### Data
=======

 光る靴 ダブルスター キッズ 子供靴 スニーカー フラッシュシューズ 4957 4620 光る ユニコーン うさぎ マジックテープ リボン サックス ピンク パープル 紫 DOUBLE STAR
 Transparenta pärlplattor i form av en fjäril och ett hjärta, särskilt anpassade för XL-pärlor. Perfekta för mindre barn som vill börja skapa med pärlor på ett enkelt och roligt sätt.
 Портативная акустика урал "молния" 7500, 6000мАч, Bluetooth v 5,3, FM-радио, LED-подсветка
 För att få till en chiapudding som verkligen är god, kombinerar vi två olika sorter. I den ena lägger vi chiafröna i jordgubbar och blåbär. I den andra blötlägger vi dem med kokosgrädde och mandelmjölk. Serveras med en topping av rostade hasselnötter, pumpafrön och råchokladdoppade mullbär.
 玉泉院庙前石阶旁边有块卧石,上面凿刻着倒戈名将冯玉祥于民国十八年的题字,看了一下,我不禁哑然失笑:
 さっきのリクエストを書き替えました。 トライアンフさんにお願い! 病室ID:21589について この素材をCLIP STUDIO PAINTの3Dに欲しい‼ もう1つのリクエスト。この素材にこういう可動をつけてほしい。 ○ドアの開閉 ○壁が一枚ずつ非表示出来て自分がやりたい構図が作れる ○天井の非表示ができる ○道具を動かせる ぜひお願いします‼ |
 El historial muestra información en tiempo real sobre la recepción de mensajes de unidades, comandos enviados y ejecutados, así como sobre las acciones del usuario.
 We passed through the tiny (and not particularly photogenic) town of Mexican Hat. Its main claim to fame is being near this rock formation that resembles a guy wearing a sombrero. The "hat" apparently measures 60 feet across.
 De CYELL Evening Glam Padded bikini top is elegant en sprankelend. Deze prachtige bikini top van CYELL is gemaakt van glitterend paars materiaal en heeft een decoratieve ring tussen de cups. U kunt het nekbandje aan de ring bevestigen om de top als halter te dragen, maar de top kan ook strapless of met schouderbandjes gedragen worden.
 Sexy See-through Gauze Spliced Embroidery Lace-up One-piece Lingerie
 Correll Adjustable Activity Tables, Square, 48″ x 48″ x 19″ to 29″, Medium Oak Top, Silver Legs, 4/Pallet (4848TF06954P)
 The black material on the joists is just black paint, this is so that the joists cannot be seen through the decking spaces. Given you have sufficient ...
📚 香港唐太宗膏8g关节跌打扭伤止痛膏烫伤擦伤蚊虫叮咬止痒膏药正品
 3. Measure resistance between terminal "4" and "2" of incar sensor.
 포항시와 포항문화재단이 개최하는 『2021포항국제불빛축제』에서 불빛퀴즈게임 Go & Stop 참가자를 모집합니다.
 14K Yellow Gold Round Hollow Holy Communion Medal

=======

### Work request
From the records above, print exactly the lines that run from the line with "Sexy See-through Gauze" to the line with "The black material", inclusive.

### Exercise solution
 Sexy See-through Gauze Spliced Embroidery Lace-up One-piece Lingerie
 Correll Adjustable Activity Tables, Square, 48″ x 48″ x 19″ to 29″, Medium Oak Top, Silver Legs, 4/Pallet (4848TF06954P)
 The black material on the joists is just black paint, this is so that the joists cannot be seen through the decking spaces. Given you have sufficient ...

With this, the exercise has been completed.